You can feel how big even in the parliamentary outbuilding Mr Stathakis’ office is based in. “We keep running into dress code issues,” one staffer tells me. “The whole place is now full of people who were once activists or intellectuals. We keep forgetting we can’t wear shorts in summer.”
But Greece – and the rest of Europe – may have to get used to a government in which the far left party holds key positions. It is currently polling 24 per cent – 3 per cent ahead of the main conservative party, New Democracy, and under Greek election rules would get an additional 50 MPs to form a stable majority if it came first in the polls.
Syriza’s progamme is clear. It will ask the EU to write off half the country’s debts and the ECB to be lender of last resort for the next 60 years for Greece. “Debt servicing costs would fall from 5 per cent of GDP to 2 per cent,” says Mr Stathakis.
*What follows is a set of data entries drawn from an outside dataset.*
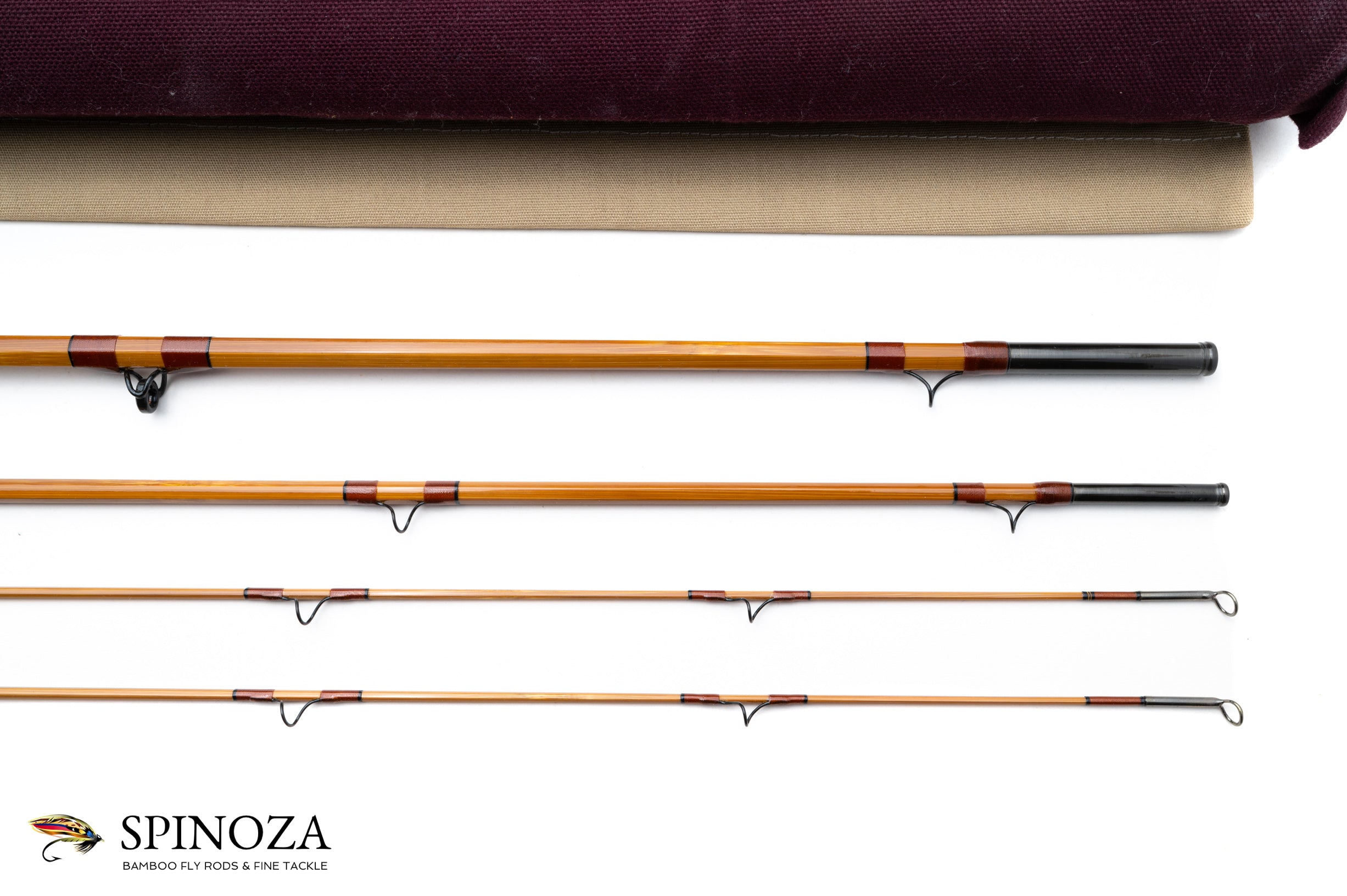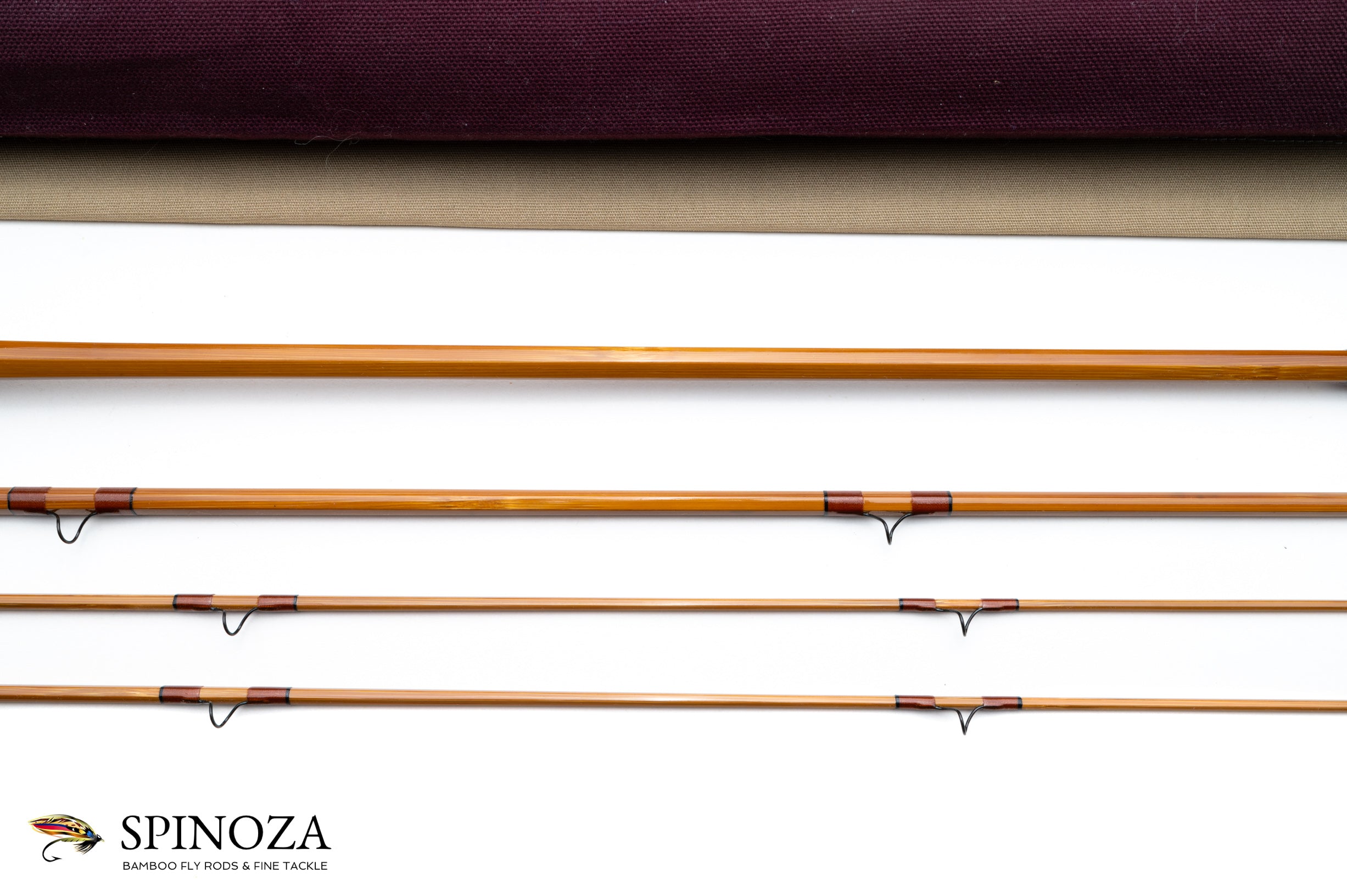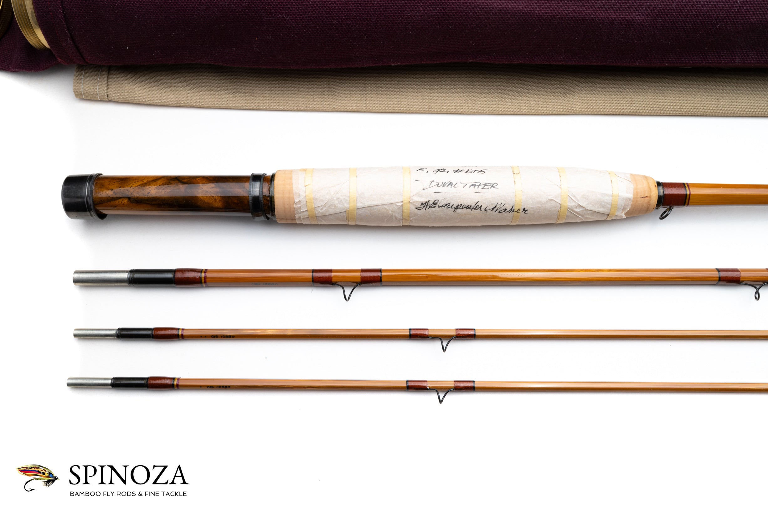 A beautiful Walt Carpenter Browntone model fly rod, 8', 3-piece, 2-tip, and built for a DT5 line. Serial #12880. The rod weighs 4.2 ounces on my scale. Mint, uncast condition with the paper and gum still on the grip. "French Walnut" and "Doval Taper" are inked on the grip by Walt, along with the rest of the rod data. Flamed cane done in a three up node pattern. Superb varnish. Brown main wraps with black edges and a band of yellow and red at the keeper and male ferrules. The step ferrules are oxidized jet black. The grip is 6" long and shaped to a medium cigar profile. The varnished cap and ring slide band seat includes a spectacular piece of smokey french walnut. "WS Carpenter, Maker" is stamped on the oxidized butt cap. The rod packs into a tan cloth bag and an aluminum tube with brass fixtures as well as Walt's data sticker.
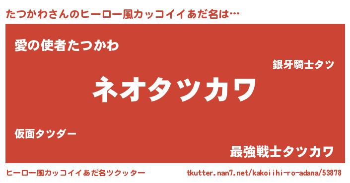 | 意味不明あだ名 | 『永久保存たつかわ』『自称たつかわ』 |
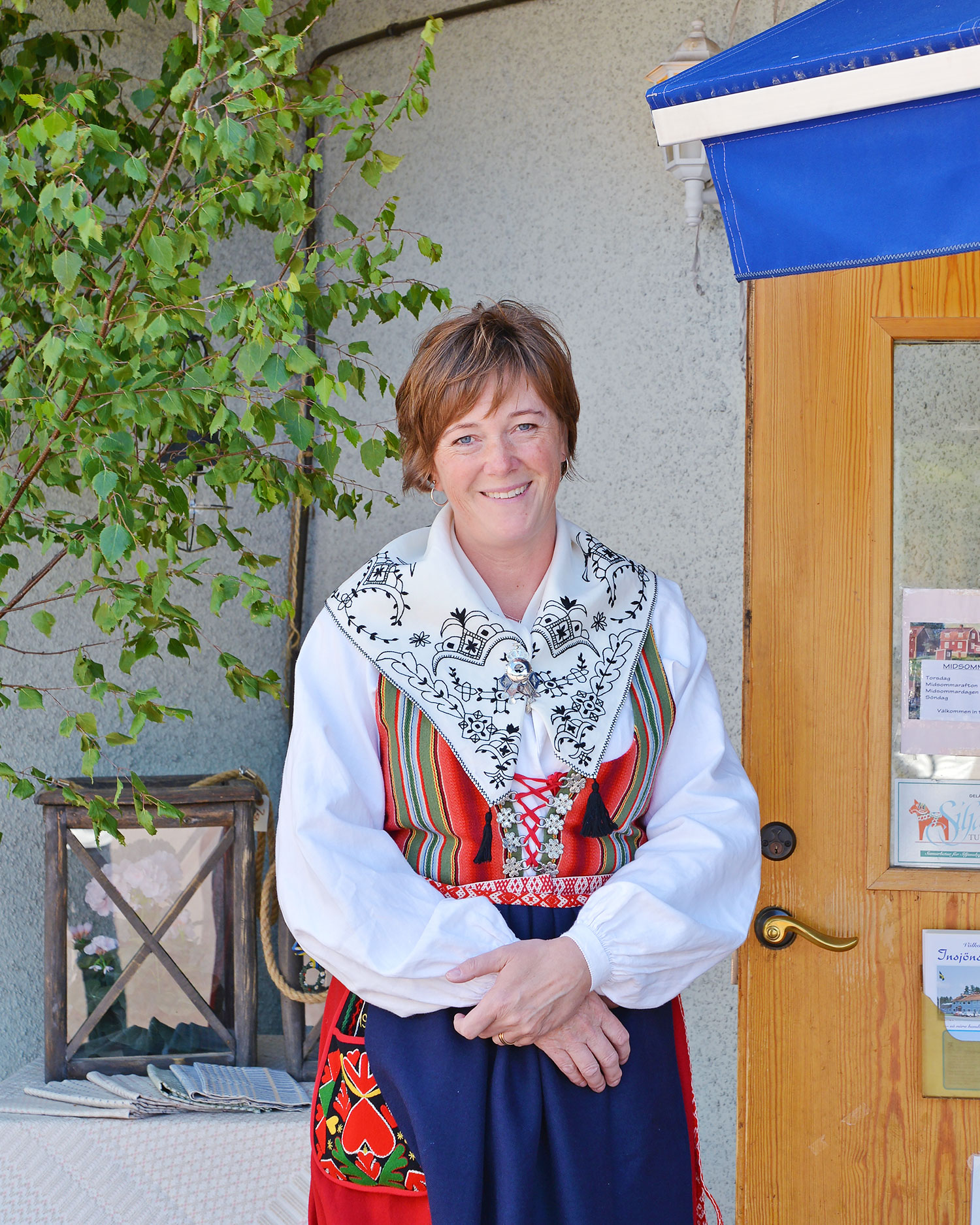 夏至祭前日なので、インショーンス・ヴェーヴェリーのスタッフの女性が華やかなダーラナの民族衣装を着てお出迎えしてくれました!

It will try to position itself alongside the new Spanish party, Podemos, and the German Left Party, as part of a wider anti-austerity movement in the eurozone.
What if the Europeans refuse? I ask him. Overnight a report in the German newspaper Die Welt quotes a German government source saying there is a plan to cut Greece off not just from ECB lending but from all EU funding, should Syriza wins. I put that to him and he smiles.
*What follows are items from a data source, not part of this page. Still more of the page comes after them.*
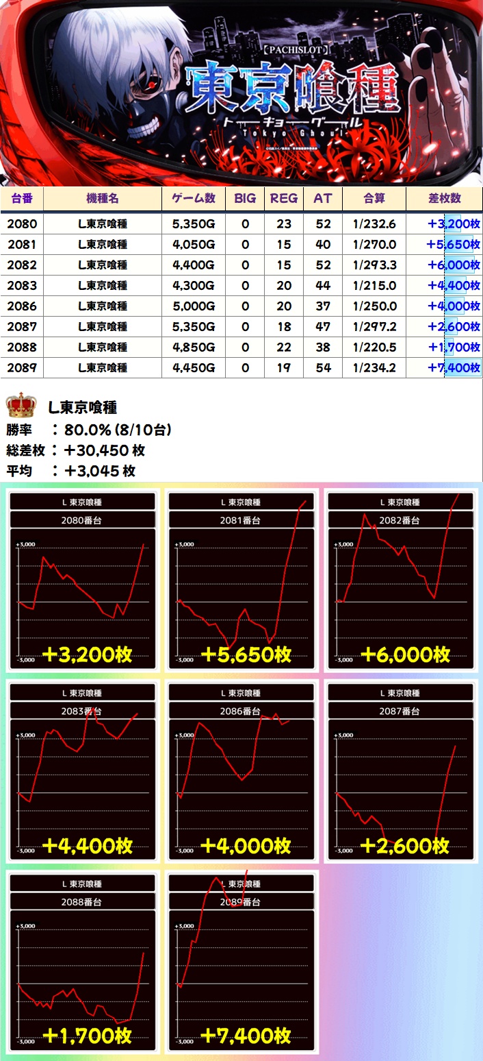 東京喰種(8/10台+)➡平均+3,045枚
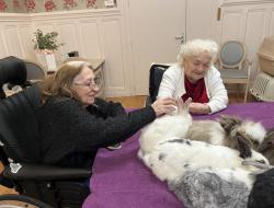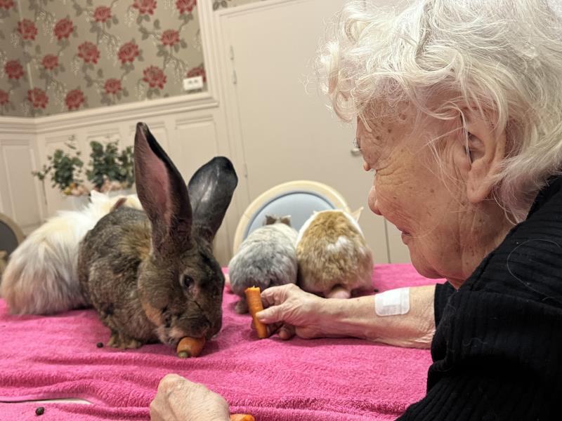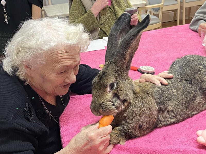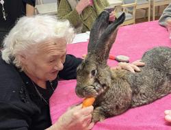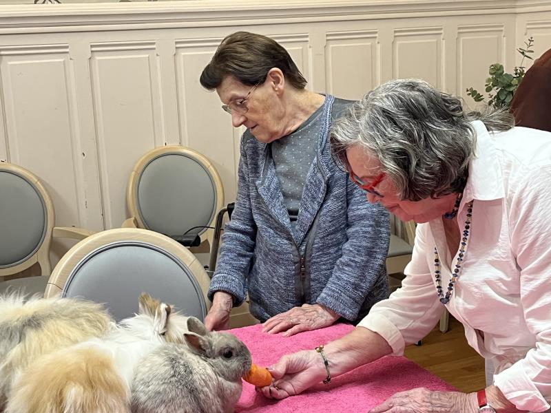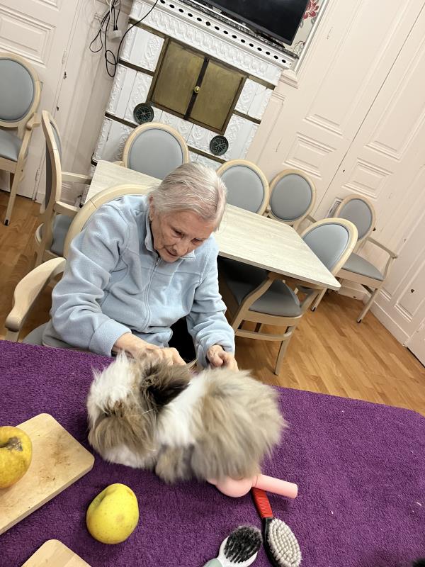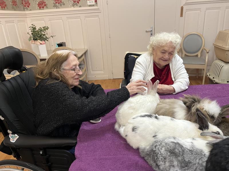 La médiation animale est une activité très appréciée (et attendue !) dans notre établissement. La présence des animaux de Julie favorise un lien affectif spontané et apaisant.
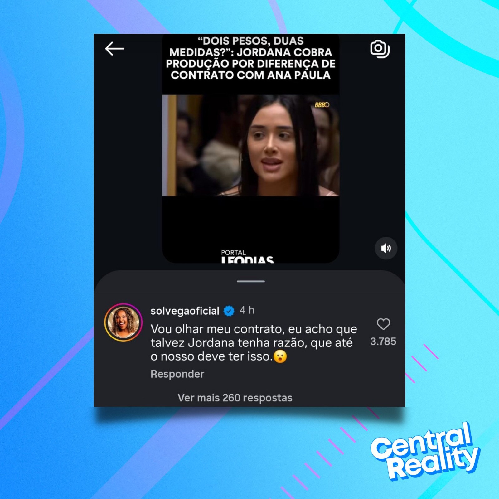 A ex-integrante do programa aproveitou uma publicação no Instagram para se manifestar. A postagem exibia uma foto da advogada com o título: “Dois pesos, duas medidas?: Jordana cobra produção por diferença de contrato com Ana Paula”. Sol Vega concordou com a revolta e deixou claro que também cobrará explicações da emissora.
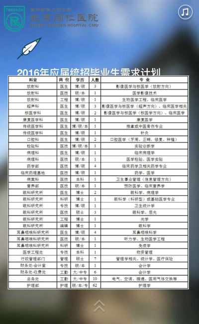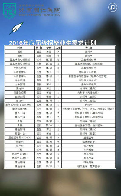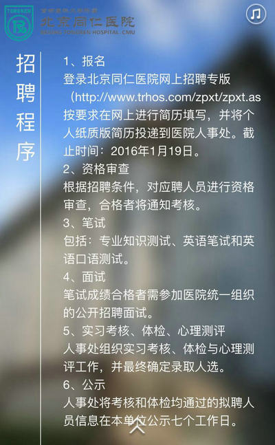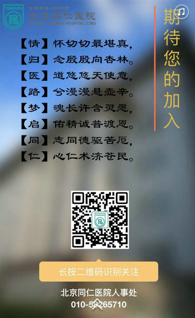 新闻中心 您的当前位置:首页 > 新闻中心 > 北京同仁医院招聘啦! 北京同仁医院招聘啦!2016年遇见最好的自己------------------------------------------------2016-01-18 发布时间:2016-01-18 来源: 作者: 北京同仁医院2016年应届毕业招聘公告 更多新闻请点击:http://www.yanke360.com/news/
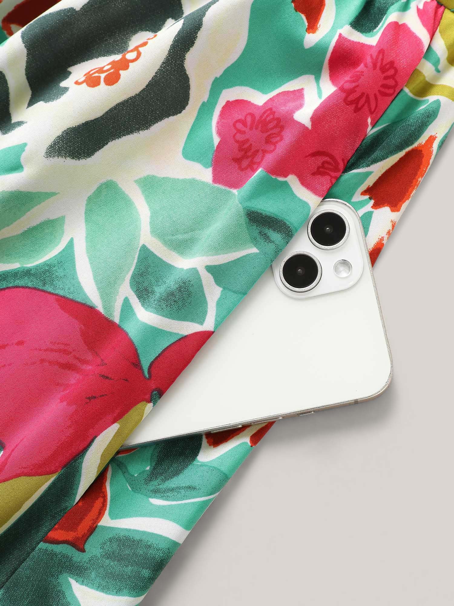 Floral Wrap Patchwork Ruffle Cap Sleeve Dress
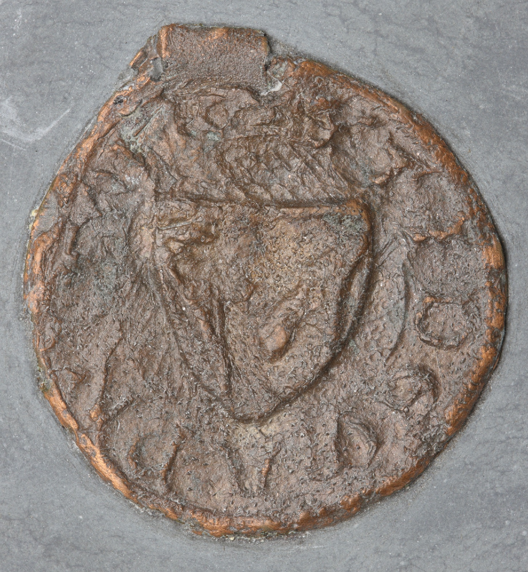 | Esikülje kirjeldus | Pitseri väljal vapikilbil raudrüüs käsi hoidmas ussi. |

“The EU is run by statutes and regulations. I don’t think the ECB would cease funding Greek banks for reasons of political favouritism.”
The Syriza plan sounds incoherent to some in the bond markets, and the government here is playing heavily on the fears of Greeks that, if it looks like Syriza will win, there could be a flight of capital and a run on the banks.
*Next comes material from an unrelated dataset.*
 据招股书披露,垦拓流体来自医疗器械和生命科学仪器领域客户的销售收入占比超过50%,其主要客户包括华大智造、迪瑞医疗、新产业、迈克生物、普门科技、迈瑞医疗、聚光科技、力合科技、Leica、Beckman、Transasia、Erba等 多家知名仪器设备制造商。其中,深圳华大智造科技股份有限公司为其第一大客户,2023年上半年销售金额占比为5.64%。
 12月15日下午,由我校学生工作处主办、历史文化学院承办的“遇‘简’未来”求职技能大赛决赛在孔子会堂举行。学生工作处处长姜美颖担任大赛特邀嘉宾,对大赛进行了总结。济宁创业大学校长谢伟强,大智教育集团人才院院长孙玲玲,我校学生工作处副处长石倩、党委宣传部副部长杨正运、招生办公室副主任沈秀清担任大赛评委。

I put it to Anna-Michelle Asimakopoulu, spokesperson for New Democracy, that playing the fear game is not a good idea. The fear is real,” she says. “It’s not a government conspiracy to make the Financial Times, the New York Times, financial analysts and bankers worried about Syriza. When Syriza briefed the markets, in London, there was fear.”
Does she see the Die Welt report as credible? “It’s credible that people will want to protect themselves,” she says
The Greek crisis no longer has the ability to detonate wider meltdown in Europe – because both banks and country finances have been stabilised. But it does have the power to change Europe in a different way.
Next year will see elections in Spain, where the far left party Podemos has come from nowhere to top the polls. The French Socialist party is effectively split between President Hollande, who wants to honour the country’s commitments to austerity, and others, including former economy minister Armand Montebourg, who want to break away from austerity and use tax and spend policies to expand growth.
And the global backdrop is different too. In 2012 the threat was of a bond market meltdown. Now the problem is deflation. The eurozone is stagnant, and falling oil prices will add further downward pressure on prices.
We have moved into a world where there is too little growth, too little inflation and too few jobs, and where countries are using currency and interest rate policies to fight over what little growth there is.
In that situation, Syriza’s supporters hope the election of a far left government in Greece committed to end austerity, with a much toned-down plan to reduce the debt burden, could be a catalyst for a wider change.
But that would still leave Greece with an uphill struggle to create growth and jobs – in a country which has lost 25 per cent of its GDP in five years and where more than 60 per cent of young people are unemployed.
Who would create the jobs? I ask Mr Stathakis. “The government would create the framework and expand public investment but that’s about it. The private sector would create most of the jobs,” he says.
But why would the private sector invest in a country where the finance ministry is run by Marxist professors? He told me he believed the left was the only force that could kickstart growth again in Greece. Behind the scenes Syriza has been trying to build bridges to the financial markets – and while some attempts have gone badly, Mr Stathakis is clearly trying to engineer a smooth transition between austerity and anti-austerity, not some kind of year zero moment.
For the conservative-led coalition government then this is crunch time. It has set going the process by which it might fall, gambling that Greeks will once again reel back from putting an untested and inexperienced left party in government.
But the coalition itself looks ungainly: its central bank boss, a former minister, prompted sharp intakes of breath in global markets – and reportedly also among Greek bank bosses – when he said “liquidity is draining quickly” on Monday.
If we do get a general election in January 2015, then either way the first period of austerity imposed by the IMF and EU – the so called troika – will be over. Either there will be a renewed mandate for the right, and a softer bailout programme led by the EU – or the first anti-austerity government in Europe since the crisis began.